I spoke too soon. When I go to print, any lines drawn in the pen display mode fail to draw as nice clean vectors.
I’d like to make my own make my own display mode that prints like wireframe but hides hidden lines like pen, but it looks like they have hidden settings that govern what settings are available to change in the options menu. Am I correct in that assumption?
Hi there,
any news on that feature?
A pen / technical mode with vector output OR the ability of wireframe to not show hidden lines would be really precious. Thanks for an update!
Sandro
thanks, I looked into it and to a certain extend it fulfulls my needs; however a view with the optics of “shaded” with vector output would be really great!
I agree, it would be v useful to be able to turn off ‘hidden lines’ in display mode>wireframe in order to then print a vector pdf without hidden lines.
My experience is that Make2D is very heavy in terms of processing power, and also the linework the Make2D command generates is pretty messy. The option to print a vector pdf from display mode>wireframe would be a v useful alternative if it was possible to turn off hidden lines.

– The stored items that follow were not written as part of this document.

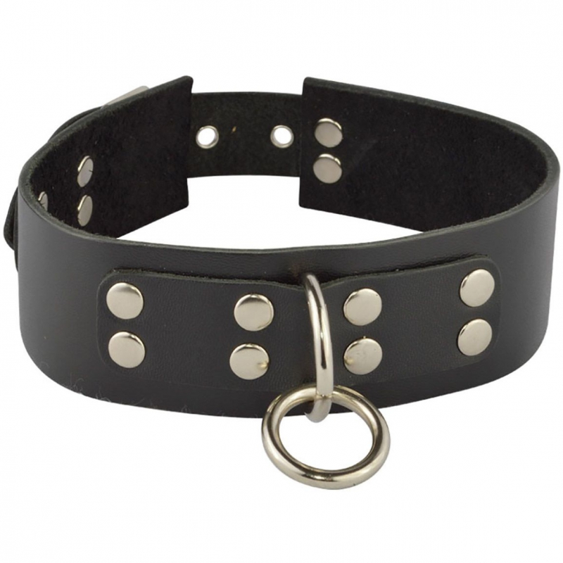 Ошейник с металлическими клепками и широким кольцом "Sitabella" поражает своим брутальным внешним видом!
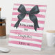 Welcome guests in style with this elegant pedestal event sign featuring a classic black bow on a chic pink and white stripe background. Perfect for adding a polished touch to your entryway, gift table, dessert bar, or photo backdrop, this sign is fully editable with your event name, guest of honour, slogan, or special message.
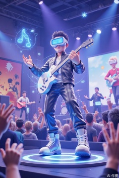 A vivid 3D illustration of a musician wearing augmented reality glasses, performing in a virtual concert hall. He holds a holographic guitar, strumming along to a catchy tune. The concert hall is illuminated by stage lights and filled with virtual audience members. The background includes a virtual band and a wall painted with a mural of musical instruments. The musician is dressed in a flashy, stage-ready outfit and stylish boots. The overall aesthetic is lively and energetic, with a focus on music and performance.
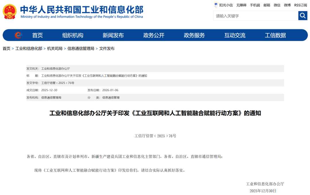《行动方案》指出,将以推动信息化和工业化深度融合为主线,以推动“人工智能+”在工业领域落地为着力点,深化工业互联网规模应用,巩固提升信息通信业竞争优势和领先地位,推动制造业加快迈向全球价值链中高端,为加快形成新质生产力、推进新型工业化提供有力支撑。
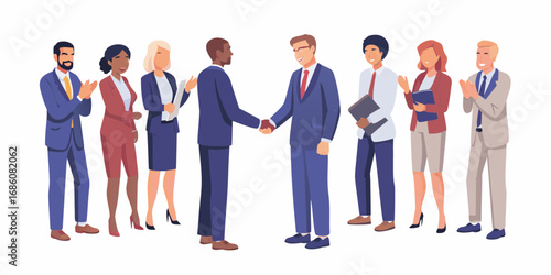 Diverse group of business professionals in suits and formal attire celebrating a successful handshake deal

I’m curious how it was maden in VisualArq?
Was it a GH realisation or some kind of C#/Python? Or even deeper by somehow using Rhino SDK?
Can anybody give a clue? Thanks.
I am wondering this myself. McNeel says it is a rewrite of complex code but some third-party software devs have managed to script it, I think it is worth looking in to. I am not expecting this to be a part of Rhino for many years.
Here is a modified version of the Technical viewport mode with invisible hidden lines. Note that Rhino will need some time to calculate the occluded lines first. The waiting could be longer than 10-20 seconds for complex scenes. The performance is also much slower on complex scenes consisting hundreds of objects, so keep that in mind.
You can change the background colour to white or any other colour according to your liking.